RIP Paul Reubens {July 30,2023}

I did too. If I see a rerun of that show I feel like a kid again. That had a huge impression on me. My first pet that I ever had as a kid (that was just mine, not a family pet) was a mouse named Pee Wee.

Also, you had to love Morpheus as a cowboy.

I also really enjoyed Pee Wee’s Big Aventure. I can remember most of the dialog from that film.

He’ll be missed. A lot of people grew up with him as part of their lives. Even after his public disgrace, that did nothing to diminish what he had done. And even afterward, he still had some success now and then in non-Pee Wee (more adult) roles, and I thought Paul Reubens was great as other characters.

May your spirit rest forever in the basement of the Alamo.

Just jumping off from this… When Reubens first started playing Pee-Wee Herman I was too young to realize he was just a character being played by an actor. As a child I did believe Pee-Wee was an actual person. The fact that Reubens often made public appearances in character as Pee-Wee probably didn’t help.

RIP Pee Wee. :cry:

“I meant to do that.”

Agreeing that he should not have received so much trouble for what he did. But, his major character persona was that of a grown-up child on a TV show directed at kids, and og-forbid any performer not have as wholesome and sterile life as that of his/her character. Imagine the uproar these days.

Even though I was in my twenties I always got up on Saturday morning to watch Pee-Wee.
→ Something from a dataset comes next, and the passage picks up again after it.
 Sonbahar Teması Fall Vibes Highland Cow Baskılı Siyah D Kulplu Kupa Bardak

The origin of my user name is members of the puppet band calling him “P-man”. I have a nickname that begins with that letter, so some of my friends started referring to me as “P-man” as well.

Taking these two quotes together kind of makes my point: he was arrested for a victimless crime, he was (in effect) incognito, and it only caused him a real problem when the incident became more widely known.
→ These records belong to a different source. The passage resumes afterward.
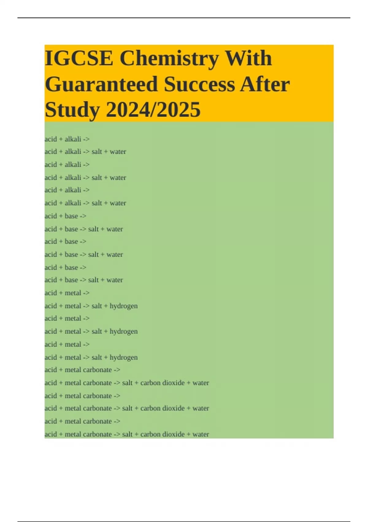 acid + metal -> salt + hydrogen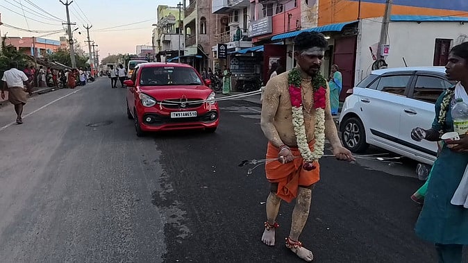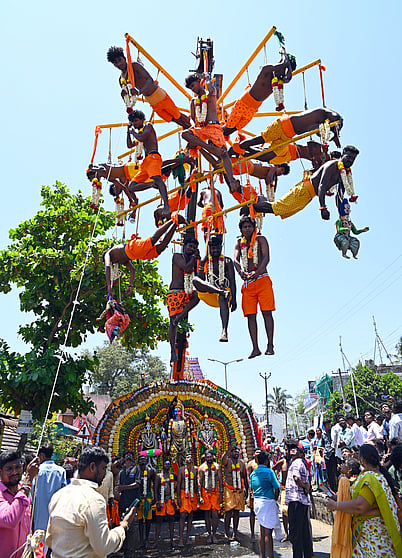 பங்குனி உத்தர விழாவையொட்டி புதுச்சேரி காலாப்பட்டு பாலமுருகன் கோயிலில் புதன்கிழமை நடைபெற்ற விழாவில் கிரோன், லாரியில் தொங்கியபடி வந்த பக்தா்கள்.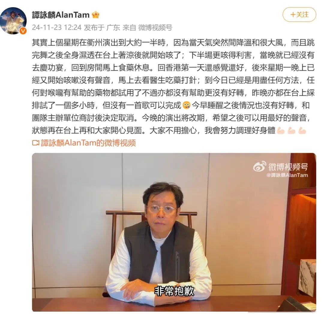 11月23日,谭咏麟在广东惠州举办的经典传奇巡回演唱会因其身体原因延期。当天11时,主办方广州华星演艺有限公司发布延期公告及补偿方式,称本次演唱会取消,并延期至2025年4月,并说明保留订单、退票、补偿方案等事项。谭咏麟在回应视频中称,演唱会可能延迟至明年4月19日。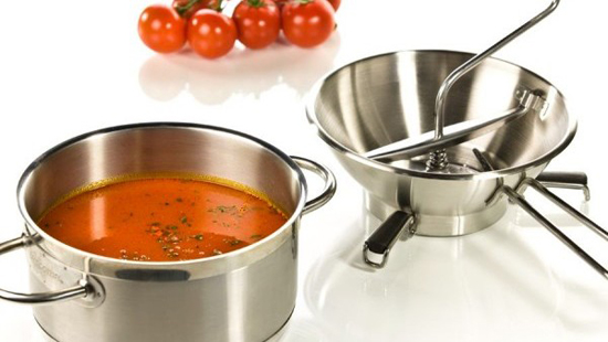Nerezový pasírovač Tescoma GrandCHEF se pasírovacími disky pro snadné a rychlé pasírování zeleniny a ovoce.

“…he should not have received so much trouble for what he did” should be “he should not have received any trouble for what he did, because he did nothing wrong,” and there should be no “but” after that.

A dear friend who’s a huge PeeWee fan texted me one word: “sad.”

I replied “I know you are, but what am I?”

This is the only correct response.

I was a teenager when that movie came out. I don’t think I’ve ever laughed any harder than I did at that scene.

My brother and I were kids and our parents let us watch the tape while they went out one night. We watched the entire movie twice and we did the Large Marge scare scene frame by frame a few times.

We thought the movie was so funny.

“(I saw the) worst accident I ever seen.”

I bet all of us did it!

I lost it at “I’ll say; I’m going to start a paper route right now!” — which, yes, is off-the-wall silliness, but which somehow also manages to be straightforward and simple to the point where of course everybody just stands around for a moment while the sheer damn appropriateness of it plays out.

I’m not the only one, then! Yeah, I knew where it was going almost immediately, because it’s a classic ghost story that I had heard before. “Oh, of course, she was the driver, and now…WHAAAAAAA?” I thought I knew where it was going, but I got got!

The Paul Reubens stories on Twitter are incredible.

I love that last story from Todd Spence.

Yeah, I think Paul Reubens was just a really nice and quirky guy. Not all that strange or weird or anything. Just a nice guy who was really funny and talented.

Washington Post has some nice coverage of his influence. Something I didn’t know that when Joan Rivers kicked off her ill-fated late night talk show, competing with Carson, the guests on her first episode were:

  • Elton John,
  • Cher, and
  • Pee Wee Herman

Like everyone else, I could easily quote many lines from Big Adventure, and since our kids were young at the time, we watched almost every episode of Playhouse. I got Time magazine at the time, and they listed it as not-to-miss, but hard to describe.

Large Marge scared the hell out of me as an adult! :astonished:

I laughed my ass off when I saw Pee-Wee’s Big Adventure back in the '80s, but I had to force my teenaged daughter to sit down and watch it with me 20 years later. Her snooty attitude disappeared when she saw it was a Tim Burton movie. (The same thing happened with Pulp Fiction, but in that case it was Tim Roth who changed her mind.)

I laughed out loud back in February '21, when Reubens was on Celebrity Wheel of Fortune. He got the song title “U Can’t Touch That!” right off the bat.

RIP, Paul.

Here’s a good article about Pee Wee and the gay subtext throughout his performances.

Or if you were paying attention, the plain text.